■ Exercise description: Nothing but the lines from the start of the data through the line with "Wpływ społeczny: dzięki" should appear in the answer, each retyped exactly, and pictures should not.
### Provided data ###
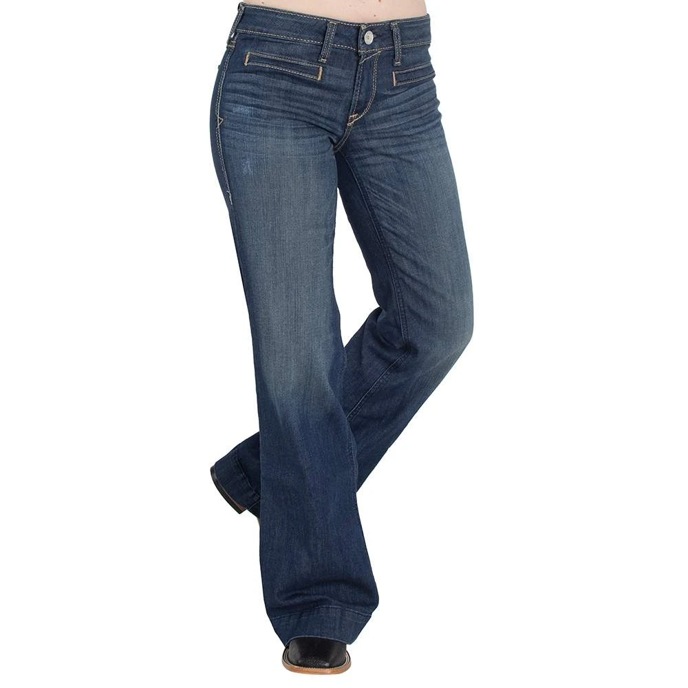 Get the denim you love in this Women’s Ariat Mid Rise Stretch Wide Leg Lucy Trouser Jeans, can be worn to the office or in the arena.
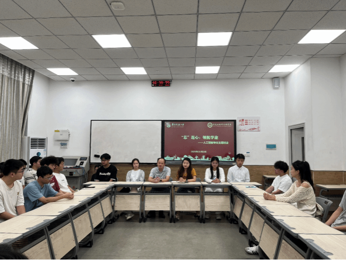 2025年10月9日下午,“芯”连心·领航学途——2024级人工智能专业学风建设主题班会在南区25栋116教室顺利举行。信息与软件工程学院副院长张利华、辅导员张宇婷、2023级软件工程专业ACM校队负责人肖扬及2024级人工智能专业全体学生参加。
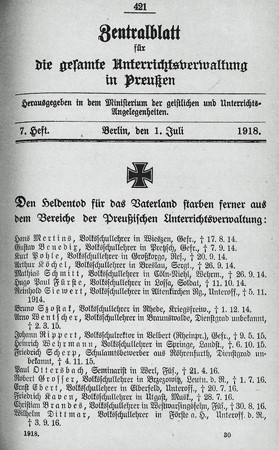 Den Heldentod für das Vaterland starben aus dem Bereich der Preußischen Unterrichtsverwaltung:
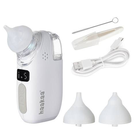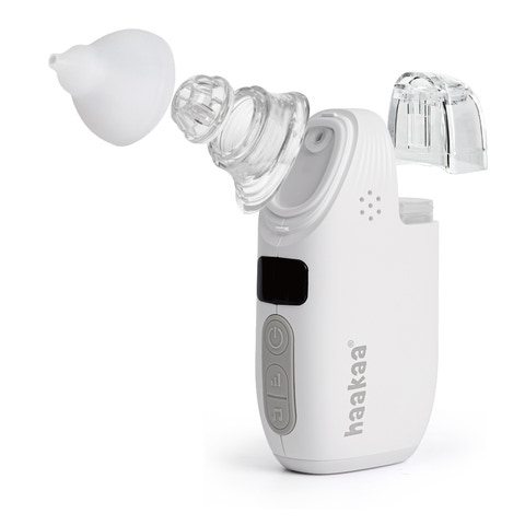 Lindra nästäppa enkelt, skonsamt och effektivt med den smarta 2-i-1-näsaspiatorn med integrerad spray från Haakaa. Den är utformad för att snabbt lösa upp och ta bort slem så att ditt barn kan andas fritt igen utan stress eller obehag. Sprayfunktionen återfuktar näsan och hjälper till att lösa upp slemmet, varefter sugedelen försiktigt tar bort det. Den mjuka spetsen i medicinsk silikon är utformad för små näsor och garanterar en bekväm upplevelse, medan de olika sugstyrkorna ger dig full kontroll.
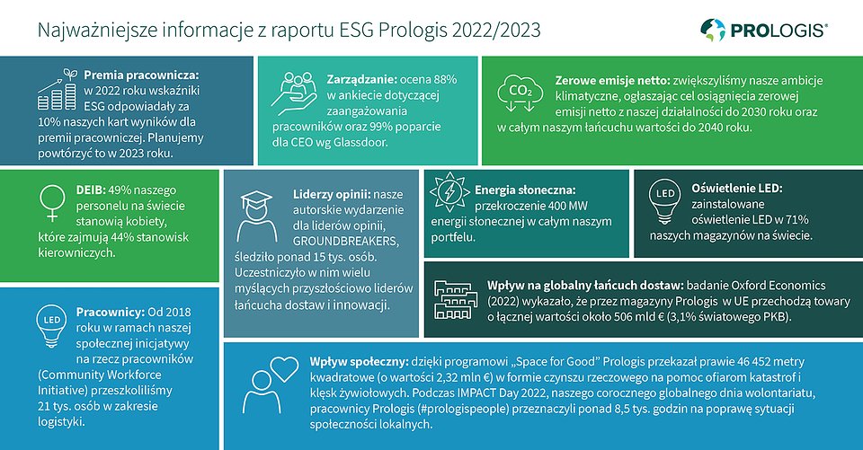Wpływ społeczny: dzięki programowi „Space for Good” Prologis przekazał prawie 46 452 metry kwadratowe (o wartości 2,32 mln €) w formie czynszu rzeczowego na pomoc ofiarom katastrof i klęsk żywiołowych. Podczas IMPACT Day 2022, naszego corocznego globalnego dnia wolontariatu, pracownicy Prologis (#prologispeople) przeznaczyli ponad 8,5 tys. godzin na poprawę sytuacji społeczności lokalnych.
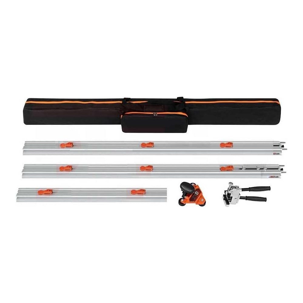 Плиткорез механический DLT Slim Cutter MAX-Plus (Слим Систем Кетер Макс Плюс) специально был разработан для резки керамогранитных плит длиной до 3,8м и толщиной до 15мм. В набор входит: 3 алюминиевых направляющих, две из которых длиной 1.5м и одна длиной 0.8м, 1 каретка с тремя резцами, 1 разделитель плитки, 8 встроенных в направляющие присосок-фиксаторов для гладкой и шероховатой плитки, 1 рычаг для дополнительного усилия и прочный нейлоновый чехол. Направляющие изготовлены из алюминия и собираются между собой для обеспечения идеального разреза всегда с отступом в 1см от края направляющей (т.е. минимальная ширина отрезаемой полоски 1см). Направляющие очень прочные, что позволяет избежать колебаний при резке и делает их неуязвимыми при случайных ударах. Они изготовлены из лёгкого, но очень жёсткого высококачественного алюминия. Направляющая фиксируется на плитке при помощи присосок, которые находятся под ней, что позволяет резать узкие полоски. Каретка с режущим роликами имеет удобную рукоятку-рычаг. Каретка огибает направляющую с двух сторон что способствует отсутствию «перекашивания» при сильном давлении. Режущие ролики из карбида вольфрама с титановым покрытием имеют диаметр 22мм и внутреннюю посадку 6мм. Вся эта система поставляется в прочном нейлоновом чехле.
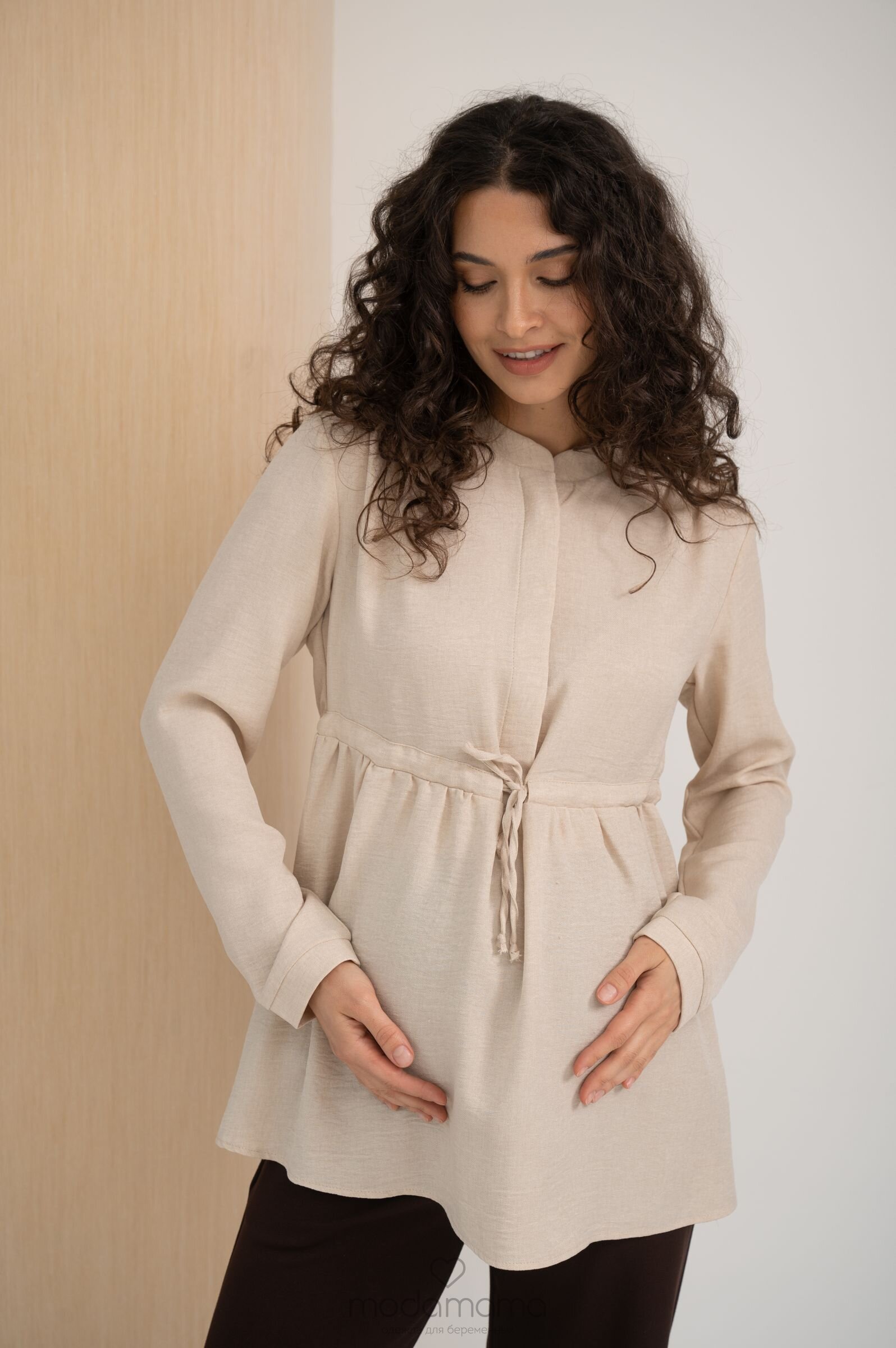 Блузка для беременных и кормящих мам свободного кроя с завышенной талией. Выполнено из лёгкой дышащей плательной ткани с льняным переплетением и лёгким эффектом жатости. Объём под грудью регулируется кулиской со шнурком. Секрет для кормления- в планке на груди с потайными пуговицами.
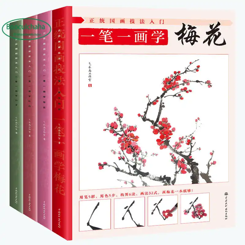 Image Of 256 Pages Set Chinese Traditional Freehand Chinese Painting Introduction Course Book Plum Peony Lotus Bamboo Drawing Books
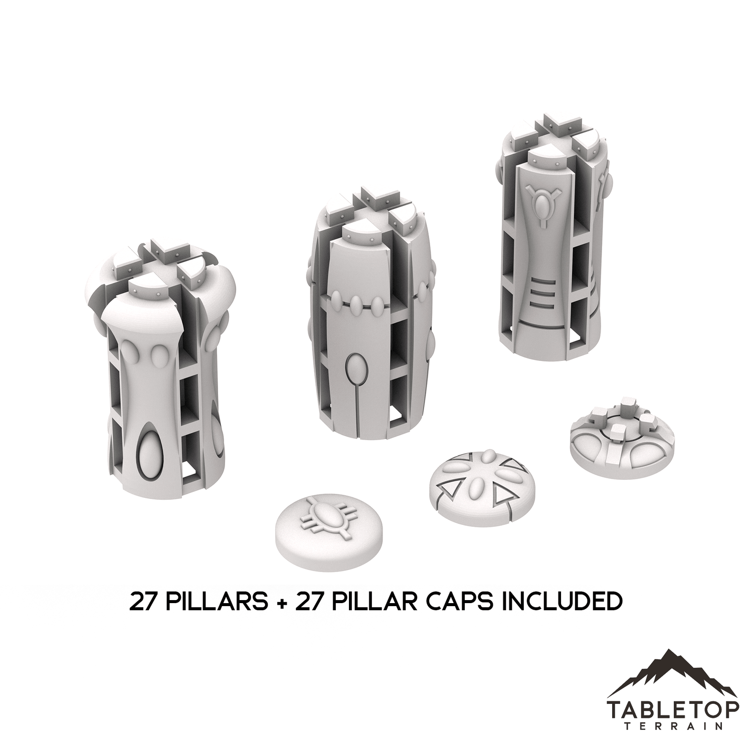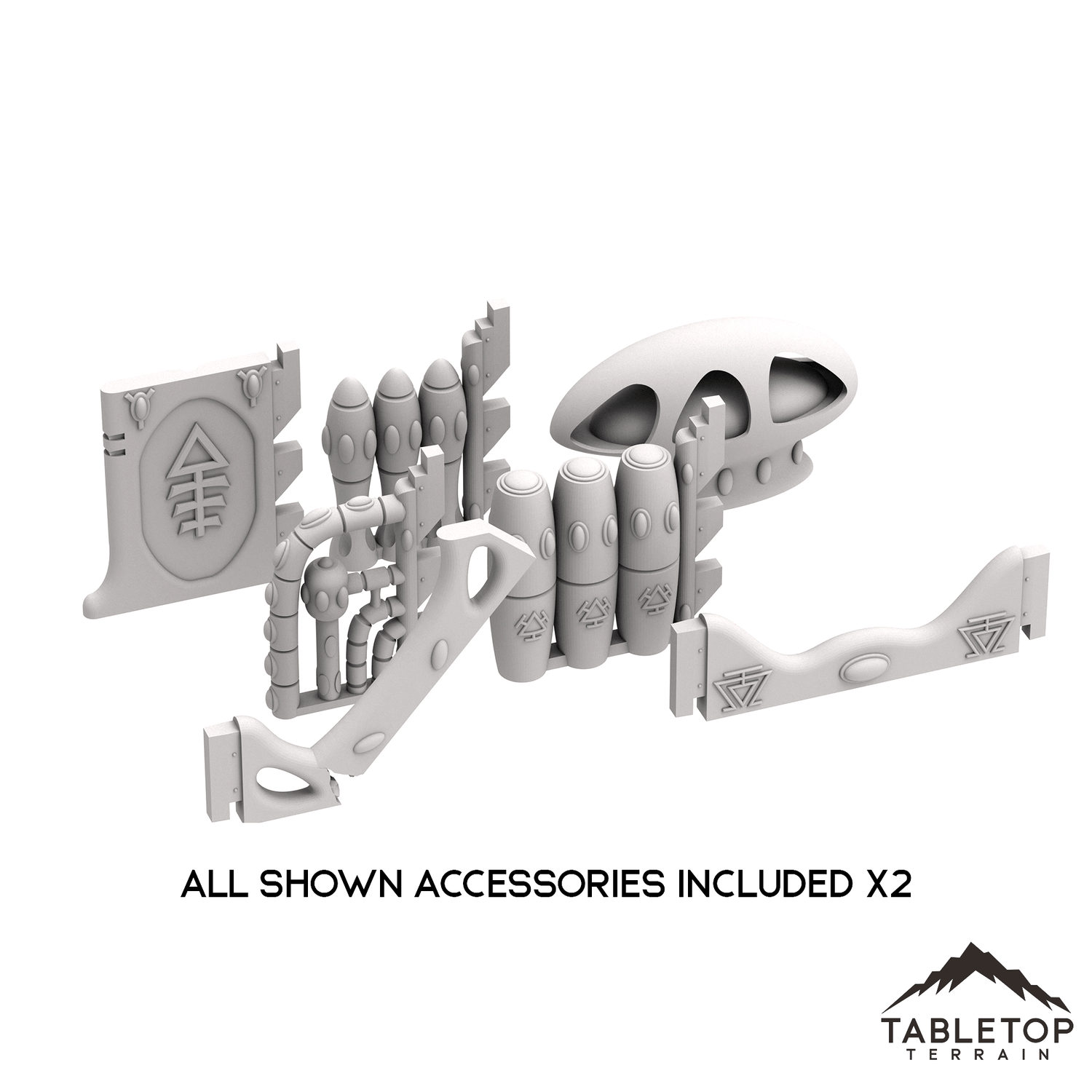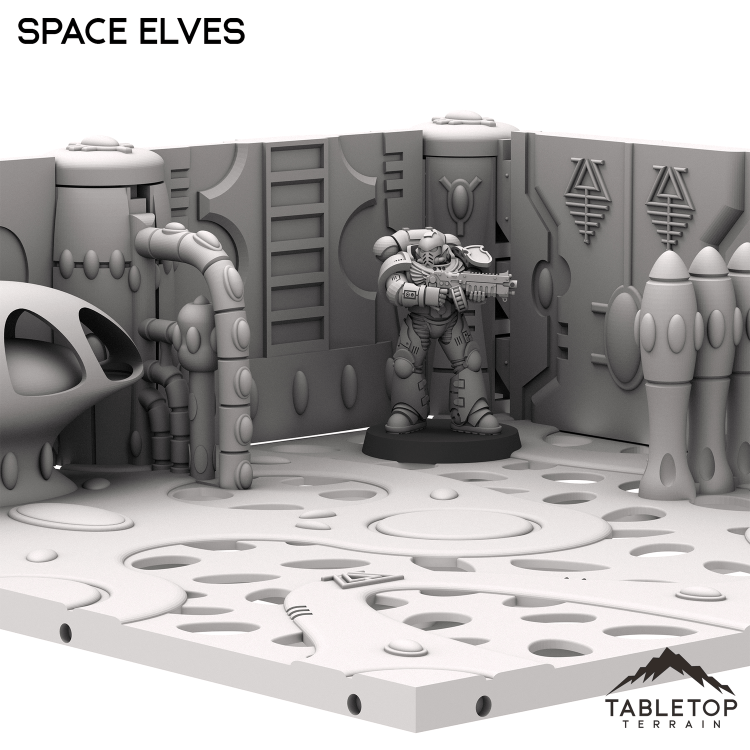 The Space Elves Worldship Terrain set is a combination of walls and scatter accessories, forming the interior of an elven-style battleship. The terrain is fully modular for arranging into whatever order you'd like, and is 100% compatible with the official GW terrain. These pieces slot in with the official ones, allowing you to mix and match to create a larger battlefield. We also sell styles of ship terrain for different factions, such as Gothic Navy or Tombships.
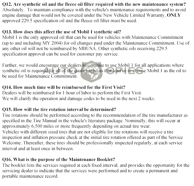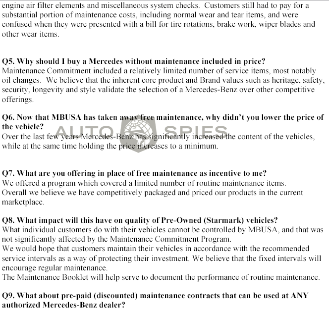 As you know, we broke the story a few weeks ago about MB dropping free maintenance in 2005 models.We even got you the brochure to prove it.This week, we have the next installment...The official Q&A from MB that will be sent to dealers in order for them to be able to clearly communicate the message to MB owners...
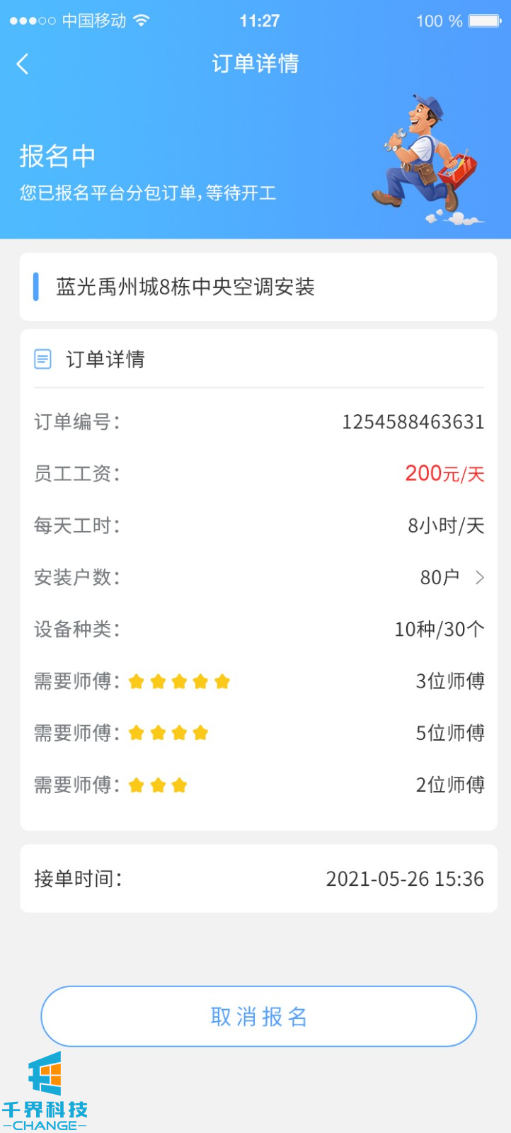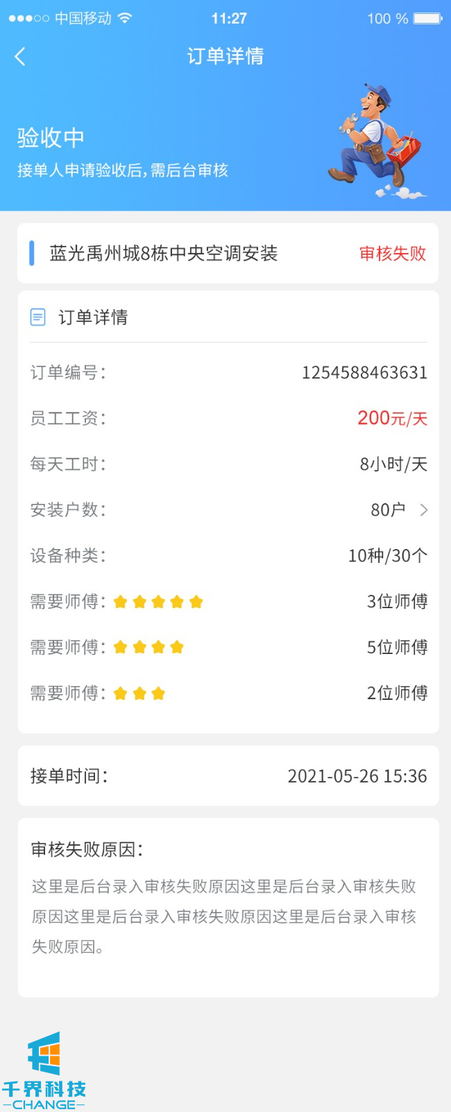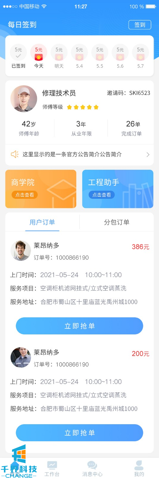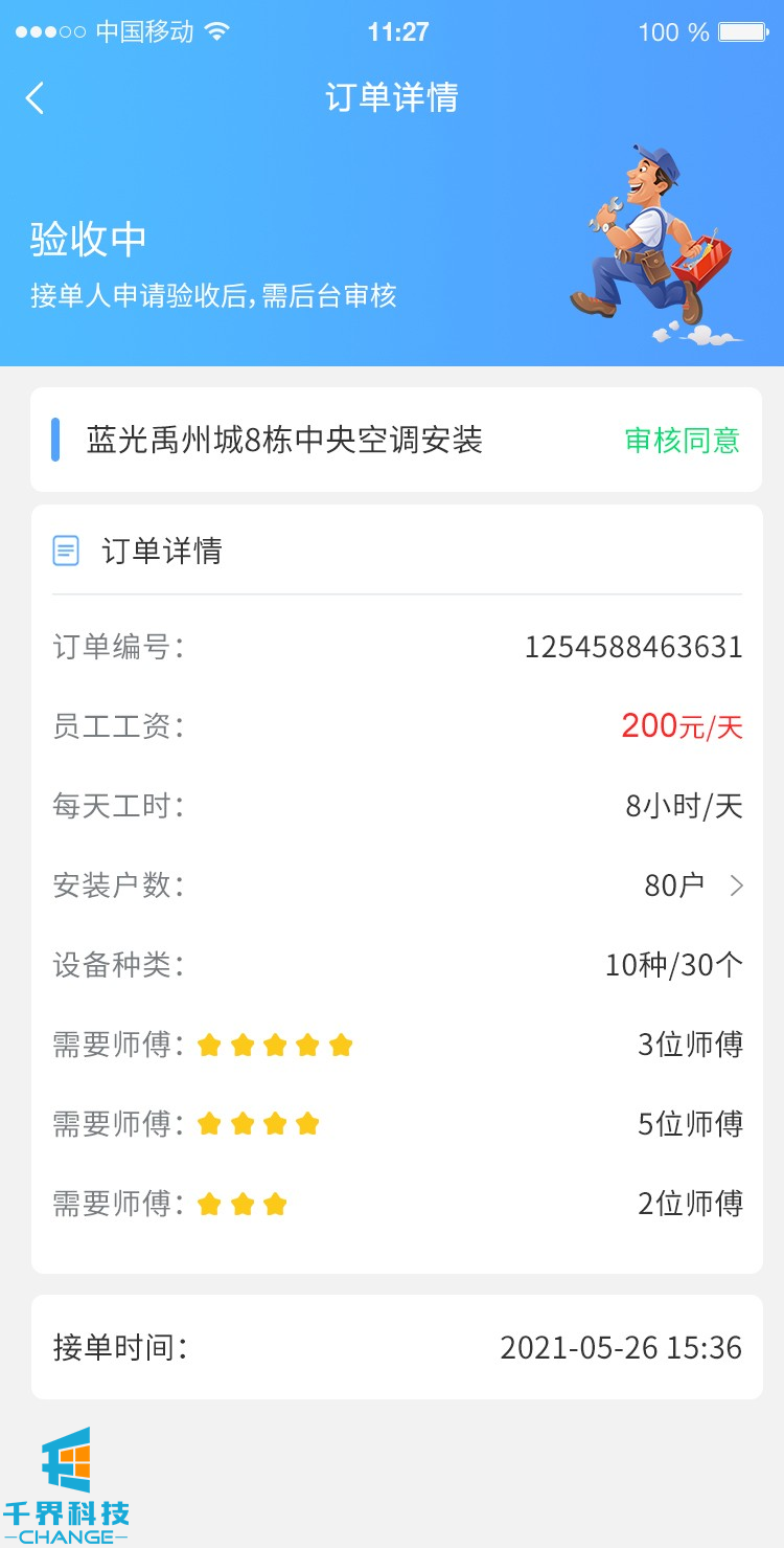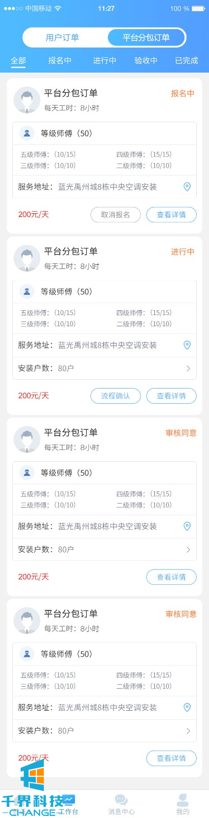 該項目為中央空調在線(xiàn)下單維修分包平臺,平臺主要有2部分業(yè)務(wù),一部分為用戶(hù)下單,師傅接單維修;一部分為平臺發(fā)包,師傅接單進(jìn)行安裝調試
###
■ Answer below:
 Get the denim you love in this Women’s Ariat Mid Rise Stretch Wide Leg Lucy Trouser Jeans, can be worn to the office or in the arena.
 2025年10月9日下午,“芯”连心·领航学途——2024级人工智能专业学风建设主题班会在南区25栋116教室顺利举行。信息与软件工程学院副院长张利华、辅导员张宇婷、2023级软件工程专业ACM校队负责人肖扬及2024级人工智能专业全体学生参加。
 Den Heldentod für das Vaterland starben aus dem Bereich der Preußischen Unterrichtsverwaltung:
 Lindra nästäppa enkelt, skonsamt och effektivt med den smarta 2-i-1-näsaspiatorn med integrerad spray från Haakaa. Den är utformad för att snabbt lösa upp och ta bort slem så att ditt barn kan andas fritt igen utan stress eller obehag. Sprayfunktionen återfuktar näsan och hjälper till att lösa upp slemmet, varefter sugedelen försiktigt tar bort det. Den mjuka spetsen i medicinsk silikon är utformad för små näsor och garanterar en bekväm upplevelse, medan de olika sugstyrkorna ger dig full kontroll.
Wpływ społeczny: dzięki programowi „Space for Good” Prologis przekazał prawie 46 452 metry kwadratowe (o wartości 2,32 mln €) w formie czynszu rzeczowego na pomoc ofiarom katastrof i klęsk żywiołowych. Podczas IMPACT Day 2022, naszego corocznego globalnego dnia wolontariatu, pracownicy Prologis (#prologispeople) przeznaczyli ponad 8,5 tys. godzin na poprawę sytuacji społeczności lokalnych.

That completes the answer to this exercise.